Saved entries
-=-=-

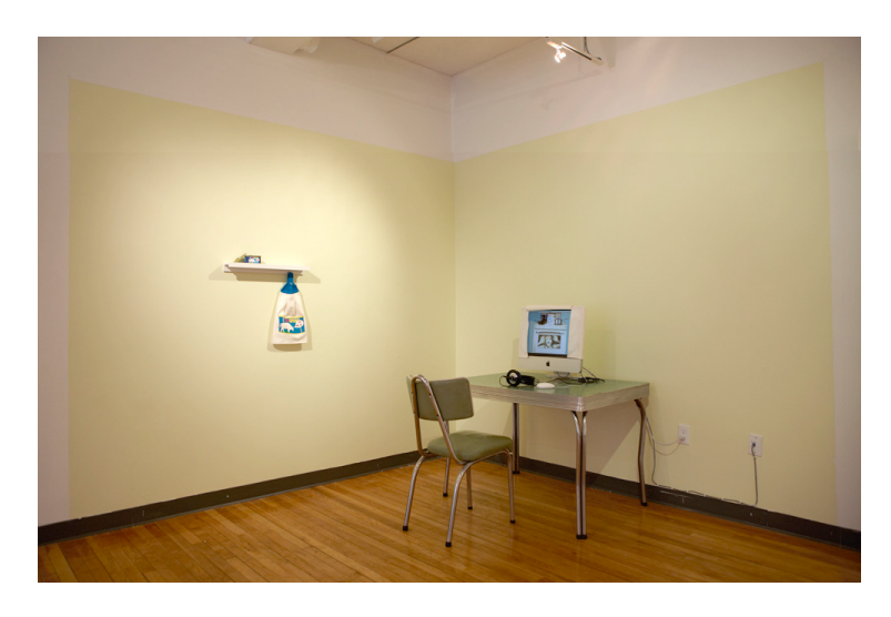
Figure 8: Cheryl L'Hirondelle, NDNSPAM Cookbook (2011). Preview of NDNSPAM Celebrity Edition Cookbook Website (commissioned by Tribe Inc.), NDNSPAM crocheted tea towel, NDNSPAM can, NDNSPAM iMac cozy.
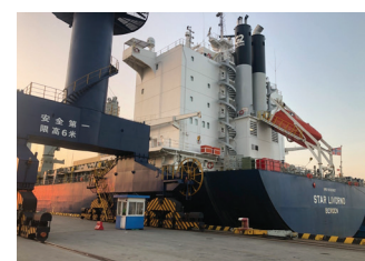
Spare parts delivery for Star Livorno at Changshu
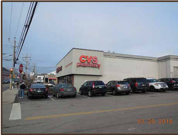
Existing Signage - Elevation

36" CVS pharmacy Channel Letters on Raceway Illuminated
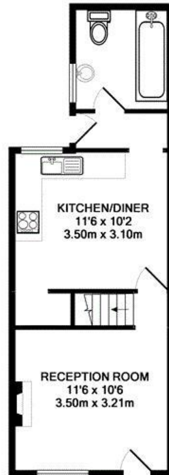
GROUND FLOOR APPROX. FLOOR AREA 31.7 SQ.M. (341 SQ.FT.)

-=-=-

*Task:* Copy the final portion of the records: every line from the one containing "Existing Signage - Elevation" through the last, word for word, without pictures.

*Response:*
Existing Signage - Elevation

36" CVS pharmacy Channel Letters on Raceway Illuminated
GROUND FLOOR APPROX. FLOOR AREA 31.7 SQ.M. (341 SQ.FT.)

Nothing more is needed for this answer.